Procedure for getting registration under section 12A and 80G of Income Tax Act
- Dully filled-in application will be submitted to the exemption section of the lncome Tax Department.
- NGO will receive notice for clarifications from Income Tax Department in 2-3 months after applying.
- Reply to the notice will be submitted by the consultant along with all relevant desired documents to the Income Tax Departments.
- Consultant will personally visit the Income Tax Departments to follow-up on the case on behalf of the applicant organization.
- Exemption Certificates will be issued.
Registration under Sec 12A & 80G have Lifetime validity
Tax Exemption limit on donations:
There is a limit on how much money can be exempted from Income Tax.

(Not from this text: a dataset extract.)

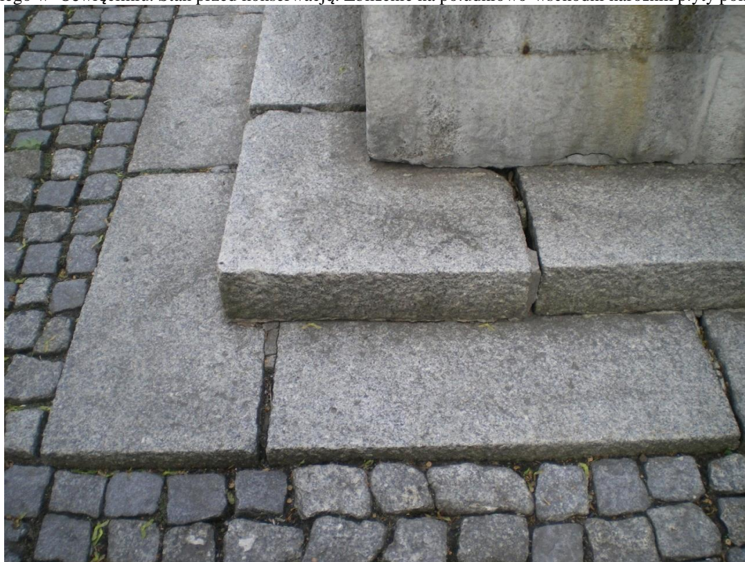
Fot. 7. Pomnik Odzyskania Niepodległości, plac między ulicami: Generała Jarosława Dąbrowskiego i Ludwika Solskiego w Oświęcimiu. Stan przed konserwacją. Zbliżenie na południowo-zachodni narożnik płyty pomnika.

- If the amount of deduction to a charitable organisation or trust is more than 10% of the Gross Total Income computed under the Act (as reduced by income on which income-tax is not payable under any provision of this Act and by any amount in respect of which the assesse is entitled to a deduction under any other provision of this Chapter), then the amount in excess of 10% of Gross Total Income shall not qualify for deduction under section 80G.
- The persons or organisations who donate under section 80G gets a deduction of 50% from their taxable income and consequently tax is calculated.

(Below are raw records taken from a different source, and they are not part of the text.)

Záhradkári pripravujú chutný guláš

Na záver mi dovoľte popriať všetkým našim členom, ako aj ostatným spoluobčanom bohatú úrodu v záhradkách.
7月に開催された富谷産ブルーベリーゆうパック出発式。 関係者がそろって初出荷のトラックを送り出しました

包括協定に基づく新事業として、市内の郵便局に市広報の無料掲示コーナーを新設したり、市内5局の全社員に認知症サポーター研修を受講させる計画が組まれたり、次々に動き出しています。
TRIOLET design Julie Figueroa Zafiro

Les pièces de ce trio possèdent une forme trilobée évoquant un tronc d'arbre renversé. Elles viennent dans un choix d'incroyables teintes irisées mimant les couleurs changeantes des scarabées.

Documents required for registration u/s 12A AND 80G:
- Dully filled in Form - 10B for registration u/s 12A registration.
- Dully filled in Form - 10G for registration u/s 80G registration.
- Registration Certificate and MOA /Trust Deed (two copies - self attested by NGO head).
- NOC from Landlord (where registered office is situated).
- Copy of PAN card of NGO.
- Electricity Bill / House tax Receipt /Water Bill (photocopy).
- Evidence of welfare activities carried out & Progress Report since inception or last 3 years.
- Books of Accounts, Balance Sheet & ITR (if any), since inception or last 3 years.
- List of donors along with their address and PAN.
- List of governing body, board of trustees members with their contact details;
- Original RC and MOA /Trust Deed for verification.
- Authority letter in favor of NGO Factory.
- other document I affidavit / undertaking I information asked by the Income Tax department.